NFS relies on the SunRPC (Remote Procedure Call) framework for all client-server communication. The kernel’s sunrpc subsystem manages connection pools, request queuing, transport protocols, and memory registration for NFS operations. Key performance aspects include:

RPC Slot Tables: Control the maximum number of concurrent outstanding requests, directly affecting parallelism and preventing server overload
Transport Management: Handles TCP, UDP, and RDMA connections with different performance characteristics and resource requirements
Memory Registration: For RDMA transports, manages efficient memory region registration to minimize latency for high-speed networks
Flow Control: Balances client request rates with server capacity and network bandwidth to prevent congestion

Understanding these subsystems helps explain why tuning RPC parameters can dramatically impact NFS performance, especially in high-concurrency or high-bandwidth environments.

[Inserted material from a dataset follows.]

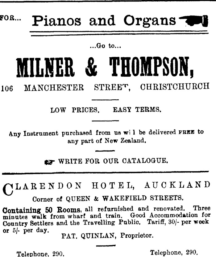 FOR Pianos and Organs ...Go t0... MILKER & THOMPSON, 106 MANCHESTER STREET OHRISTCHURCH LOW PRICES. EASY TERMS. Any Instrument purchased from us wi 1 be delivered pbkb to any part of New Zealand. IS- WRITE FOR OUR CATALOGUE. (CLARENDON HOTEL, AUCKLAND Corner of QUEEN & WAKEFIELD STREETS. Containing 50 Booms, all refurnished and renovated. Three minutes walk from wharf and train. Good Accommodation for Country Settlers and the Travelling Public. Tariff, 30/- per week or 5/- per day. PAT. QUINLAN, Proprietor. Telephone, 290. Telephone, 290.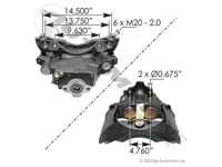 Air disc brake caliper 158.LRG729for Volvo truck and bus applications. ELSA 225 radial axle type, right hand. Replaces Volvo numbers 68033518M16 and 68033522M17.

RPC and Network Stack Parameters

The following table summarizes the key SunRPC parameters for NFS performance tuning:

SunRPC Parameters (sunrpc.*)
Parameter	Value	Remarks
`tcp_slot_table_entries`	128	Max concurrent TCP RPC requests. Increase request backlog for higher concurrency under heavy load scenarios.
`udp_slot_table_entries`	128	Max concurrent UDP RPC requests. Less common in modern deployments.
`rdma_slot_table_entries`	256	Max outstanding RDMA requests. Tune based on server-to-node ratio and workload concurrency requirements.
`rdma_pad_optimize`	1	Enabled. RDMA message padding for better memory alignment.
`rdma_max_inline_read`	MTU - 256	Max inline RDMA read size. Set to MTU minus 256 bytes for headers (3840 for 4096 MTU).
`rdma_max_inline_write`	MTU - 256	Max inline RDMA write size. Should match inline read value.
`rdma_memreg_strategy`	4	FRMR. Recommended for modern HCAs.

Note

RDMA Parameters: The RDMA-specific parameters only apply when using NFS over RDMA transport. For TCP-only deployments, focus on the TCP slot table and network buffer settings.

Example Configuration

Create a sysctl config file, such as /etc/sysctl.d/99-nfs.conf:

# These should be ideally be already tuned at network subsystem
# level, but included here for completeness
net.core.rmem_default = 16777216
net.core.rmem_max = 134217728
net.core.wmem_default = 16777216
net.core.wmem_max = 134217728

# Increase RPC slot table for high concurrency
sunrpc.tcp_slot_table_entries = 128
sunrpc.udp_slot_table_entries = 128

# Settings for NFS over RDMA (InfiniBand/RoCE)
sunrpc.rdma_slot_table_entries = 256
sunrpc.rdma_pad_optimize = 1
# Set slightly below MTU to account for headers (e.g., 4096 - 256)
# Recommended for 4096 MTU environments (both IB and RoCEv2)
sunrpc.rdma_max_inline_read = 3840
sunrpc.rdma_max_inline_write = 3840

# Additional RDMA performance tunings
sunrpc.rdma_memreg_strategy = 4

To apply the settings without rebooting, run sysctl --system.

Tip

Incremental Tuning: Start with conservative values and increase gradually while monitoring performance and memory usage. Higher slot table entries improve concurrency but increase memory consumption.

Caching Infrastructure 

Client-side caching provides system-wide performance benefits for frequently accessed data patterns.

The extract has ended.